The future U.S. mortgage finance market will not be so leveraged to mortgage credit risk again anytime soon.  Lending will be more careful, we will have a healthy skepticism of the precision of computer models of credit risk, and we will not have another nationwide housing bubble again for another 35 years or so.  This estimate reflects the fact that people who were 30 years old in 2007, with searing memories of the panic and Shrivel, will then be 70.  Group memories will have faded, and they will be near to or in retirement.  Their warnings about what happened in 2007-09 will seem like vague stories of long ago, hardly relevant to those with modern skills and advanced risk management capability!

As the 21st century bubble inflated, people, including financial and housing finance professionals, thought that nominal house prices could not go down on a national average basis.  The nearly universal belief that it could not happen, is one of the reasons that it did happen. 

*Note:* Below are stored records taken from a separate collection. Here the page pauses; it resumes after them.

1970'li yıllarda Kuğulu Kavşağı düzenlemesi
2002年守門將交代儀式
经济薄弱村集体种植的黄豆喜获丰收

Now that national average house prices have fallen 34% in nominal terms and 41% in inflation-adjusted terms, the bubble-enabling belief has evaporated.  So we are likely to go back the normalcy of only having local or regional housing booms and busts, tied to cycles of other things, such as energy, technology, or vacation development.

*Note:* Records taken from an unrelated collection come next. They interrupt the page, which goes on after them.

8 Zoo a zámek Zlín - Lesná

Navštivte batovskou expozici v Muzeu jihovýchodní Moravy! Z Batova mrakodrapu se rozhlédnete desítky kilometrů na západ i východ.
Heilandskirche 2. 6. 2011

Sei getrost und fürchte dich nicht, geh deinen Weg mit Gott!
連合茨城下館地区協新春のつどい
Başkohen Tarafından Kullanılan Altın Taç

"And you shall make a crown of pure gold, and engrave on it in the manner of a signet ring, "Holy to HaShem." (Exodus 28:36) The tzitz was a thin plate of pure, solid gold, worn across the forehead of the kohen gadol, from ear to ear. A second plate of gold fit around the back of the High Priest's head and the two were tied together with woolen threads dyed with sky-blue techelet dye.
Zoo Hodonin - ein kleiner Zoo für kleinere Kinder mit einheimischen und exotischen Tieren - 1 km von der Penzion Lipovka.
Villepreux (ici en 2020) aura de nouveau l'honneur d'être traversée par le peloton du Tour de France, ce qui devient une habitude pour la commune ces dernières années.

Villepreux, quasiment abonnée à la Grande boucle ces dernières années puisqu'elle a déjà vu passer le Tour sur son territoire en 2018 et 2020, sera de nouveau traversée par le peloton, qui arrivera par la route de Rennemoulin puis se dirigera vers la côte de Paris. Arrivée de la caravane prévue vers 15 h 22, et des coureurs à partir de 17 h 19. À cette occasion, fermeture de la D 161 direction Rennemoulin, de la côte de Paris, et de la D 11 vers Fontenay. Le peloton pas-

The future housing finance markets will not have Fannie and Freddie in their old form, that is, with their arrogance, their political clout, and especially Fannie's hardball political tactics.  Of course Fannie and Freddie have become wards of the government, but in spite of their massive insolvency, have survived. 

In the 35 years from 1971 to 2006, Fannie and Freddie together made total profits of $106 billion.  From 2007 to 2011, together they lost $256 billion.  So they have lost every cent they made for 35 years, plus another $150 billion.  A remarkable record. 

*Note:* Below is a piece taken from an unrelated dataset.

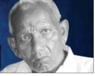
ଉତ୍ତରପ୍ରଦେଶରୁ ଆଉ ଏକ ପିତୃହତ୍ୟା ମାମଲାରେ ଜଣେ ପୁଅ ତାଙ୍କ ବାପାଙ୍କୁ ଜୀଆଡ଼ା ଜାଳିଦେଲା।

ଉତ୍ତରପ୍ରଦେଶରୁ ଆଉ ଏକ ପିତୃହତ୍ୟା ମାମଲାରେ ଜଣେ ପୁଅ ତାଙ୍କ ବାପାଙ୍କୁ ଜୀଆଡ଼ା ଜାଳିଦେଲା। ଏହା ଲକ୍ଷ୍ୟ ରଖି ଏପିଲ ପହିଲା ୨୦% ଇଥାନଲ ମିଶ୍ରିତ ପେଟ୍ରୋଲ ବିକ୍ରୟ ବାଧ୍ୟତାମୂଳକ କରାଯାଇଛି। ଏହା ଲକ୍ଷ୍ୟ ରଖି ଏପିଲ ପହିଲା ୨୦% ଇଥାନଲ ମିଶ୍ରିତ ପେଟ୍ରୋଲ ବିକ୍ରୟ ବାଧ୍ୟତାମୂଳକ କରାଯାଇଛି।
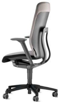
187/8 Drehstuhl, hoher Rücken

It was a distinctly bad idea to concentrate so much of the whole country's mortgage credit risk in only two entities on the banks of the Potomac, yet we continue to do so. At least we will be spared having Fannie and Freddie constantly telling us that they are private companies.

In the near future of U.S. housing finance, over the next twelve months or so, we will establish the bottom of this extremely painful Shrivel and begin a cyclical recovery.  The aftermaths of housing bubbles typically last a long time: the international historical average is six years, according to Carmen Reinhart and Kenneth Rogoff.  The house price peak was in mid-2006—that was six years ago.  Moreover, the 41% fall in inflation-adjusted house prices has taken them back to their level of 1999.  In other words, in real terms, the entire bubble has now been reversed.  Cumbersome regulation will impede, but not stop, the cyclical recovery.

Finally, the future of housing finance is bound to surprise us.  It will develop in some ways we have not anticipated, as it moves from the confusing present to a future unknowable in detail. As defined by economist Jacob Viner, a period of transition is a period between two periods of transition—so we can always be assured that housing finance will continue to be in a period of transition.

Alex J. Pollock is a resident fellow at the American Enterprise Institute in Washington. He was President and CEO of the Federal Home Loan Bank of Chicago from 1991 to 2004.